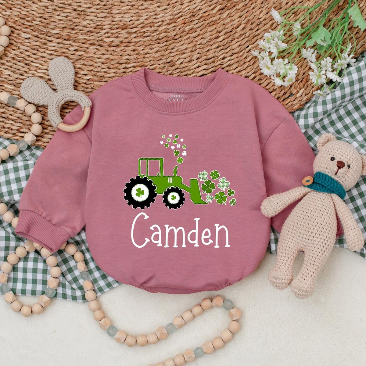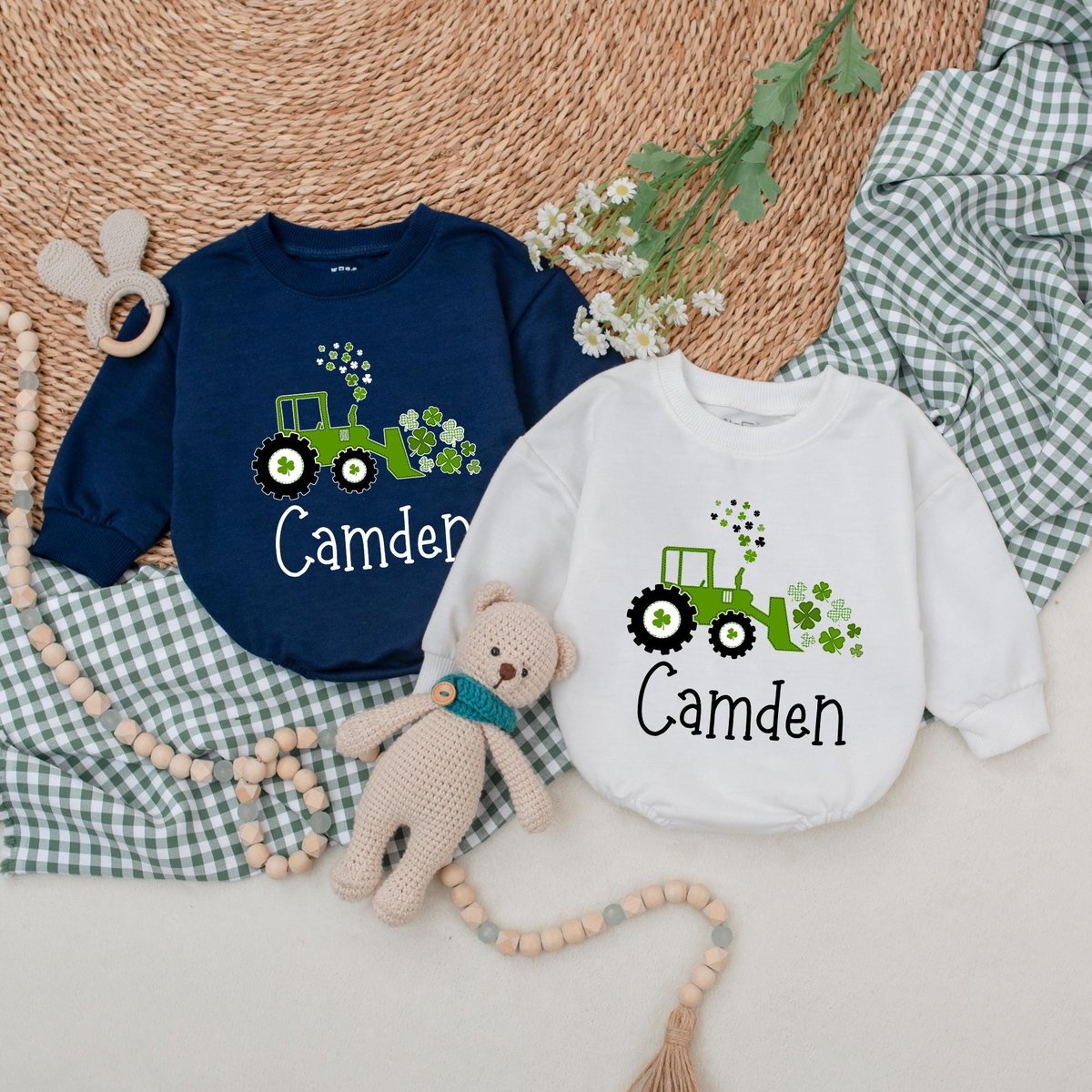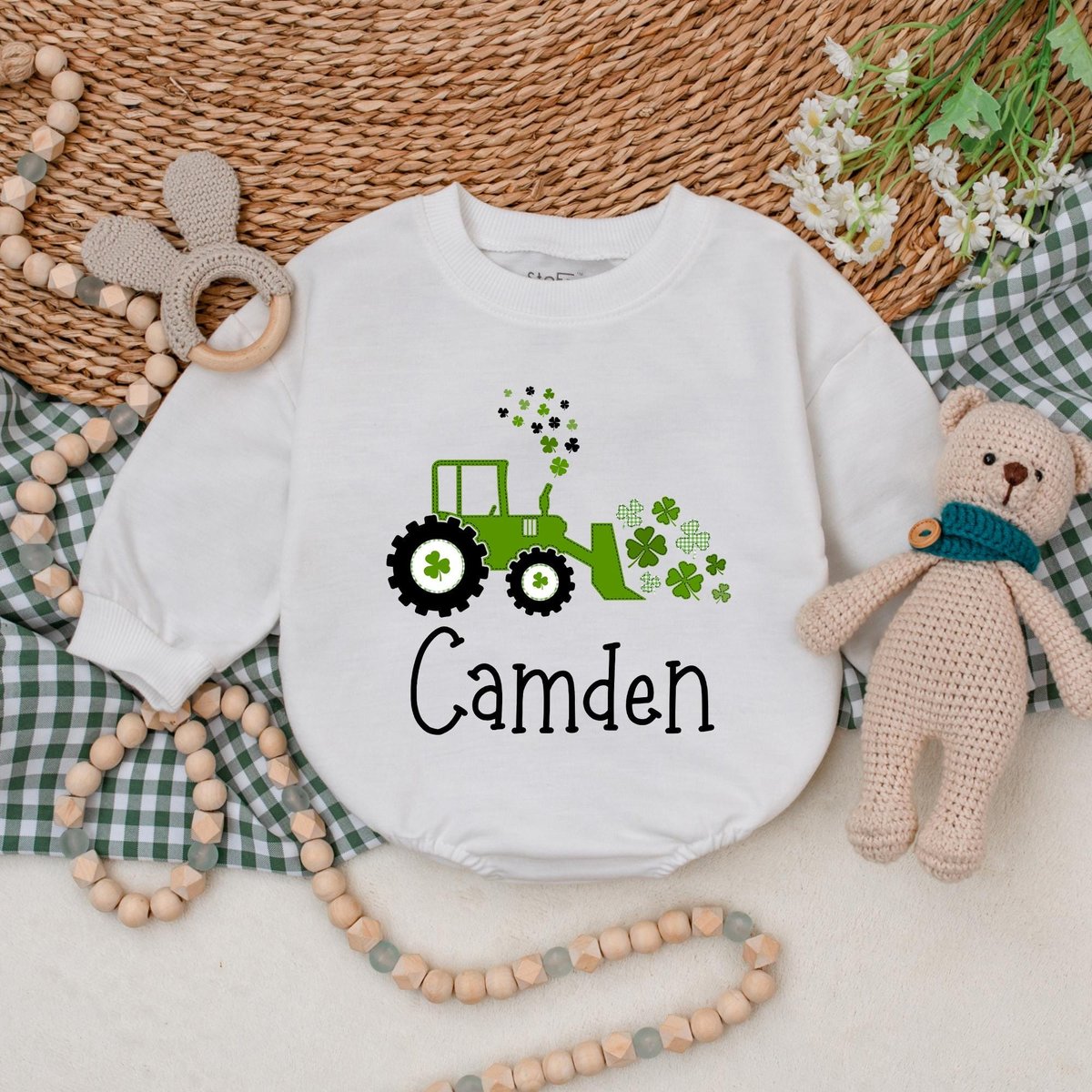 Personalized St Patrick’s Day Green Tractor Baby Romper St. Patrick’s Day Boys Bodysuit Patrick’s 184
# # # # #
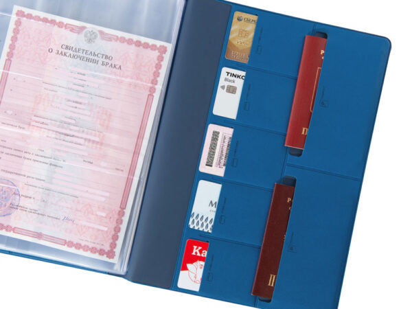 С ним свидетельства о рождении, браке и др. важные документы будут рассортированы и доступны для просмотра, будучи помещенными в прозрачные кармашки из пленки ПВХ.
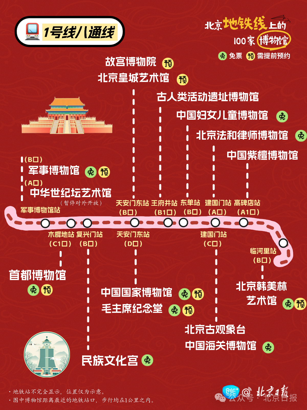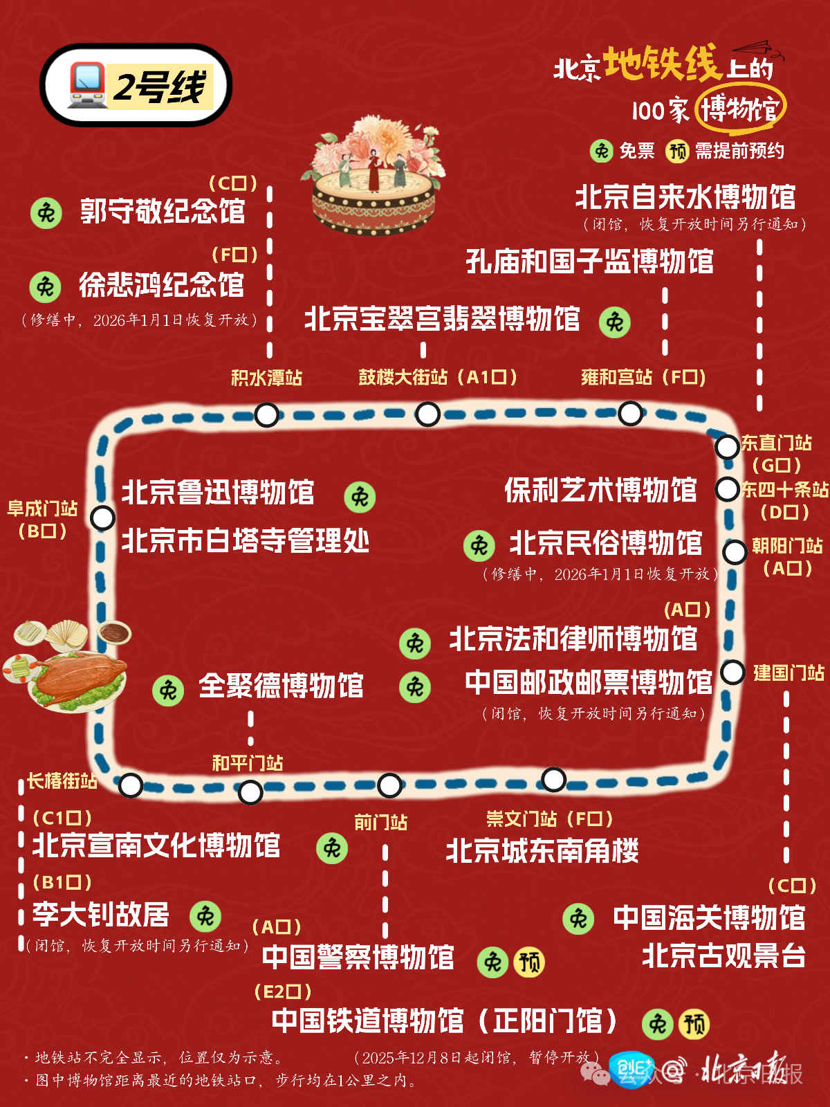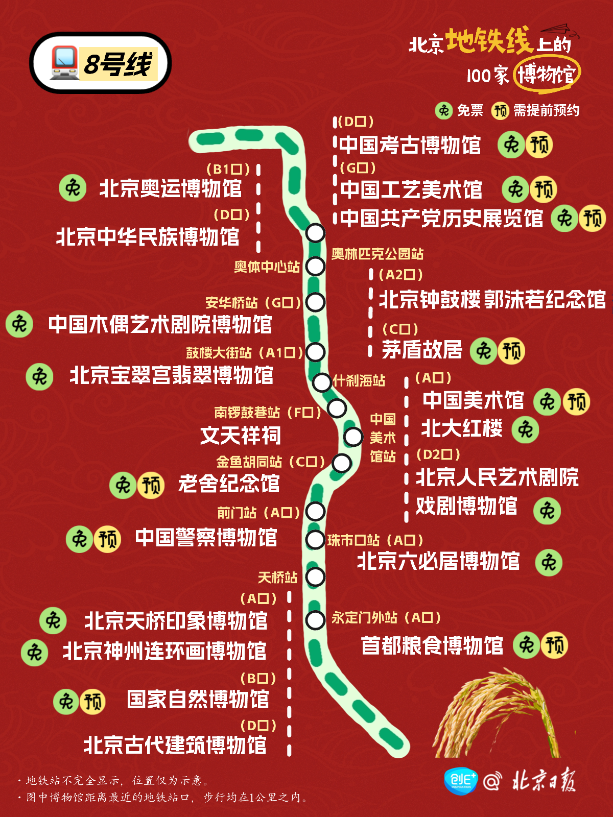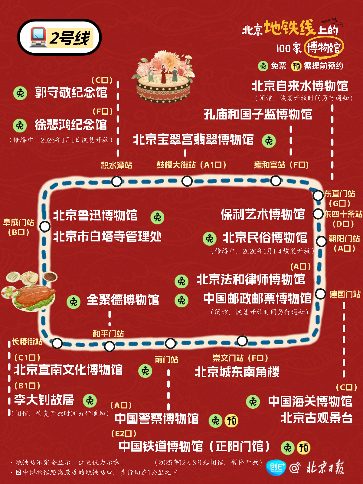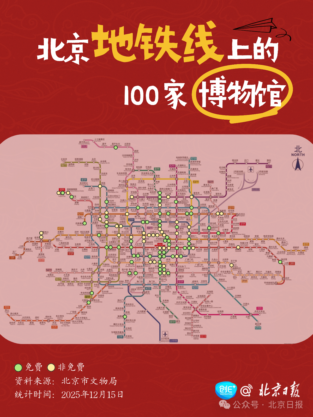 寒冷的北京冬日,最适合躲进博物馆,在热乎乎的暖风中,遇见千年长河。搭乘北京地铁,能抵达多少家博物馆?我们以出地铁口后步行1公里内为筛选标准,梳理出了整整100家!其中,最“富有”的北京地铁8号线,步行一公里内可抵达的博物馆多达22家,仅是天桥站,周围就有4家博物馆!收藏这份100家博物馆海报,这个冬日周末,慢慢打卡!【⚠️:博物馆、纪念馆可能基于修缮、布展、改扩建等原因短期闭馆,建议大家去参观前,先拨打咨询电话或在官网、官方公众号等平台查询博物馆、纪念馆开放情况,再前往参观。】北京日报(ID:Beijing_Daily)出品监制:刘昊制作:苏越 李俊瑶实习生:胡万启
# # # # #
### Goal of the exercise
Your answer should consist of the lines above between those holding "С ним свидетельства" and "寒冷的北京冬日,最适合躲进博", inclusive, reproduced word for word and without pictures.

### Problem solution
 С ним свидетельства о рождении, браке и др. важные документы будут рассортированы и доступны для просмотра, будучи помещенными в прозрачные кармашки из пленки ПВХ.
 寒冷的北京冬日,最适合躲进博物馆,在热乎乎的暖风中,遇见千年长河。搭乘北京地铁,能抵达多少家博物馆?我们以出地铁口后步行1公里内为筛选标准,梳理出了整整100家!其中,最“富有”的北京地铁8号线,步行一公里内可抵达的博物馆多达22家,仅是天桥站,周围就有4家博物馆!收藏这份100家博物馆海报,这个冬日周末,慢慢打卡!【⚠️:博物馆、纪念馆可能基于修缮、布展、改扩建等原因短期闭馆,建议大家去参观前,先拨打咨询电话或在官网、官方公众号等平台查询博物馆、纪念馆开放情况,再前往参观。】北京日报(ID:Beijing_Daily)出品监制:刘昊制作:苏越 李俊瑶实习生:胡万启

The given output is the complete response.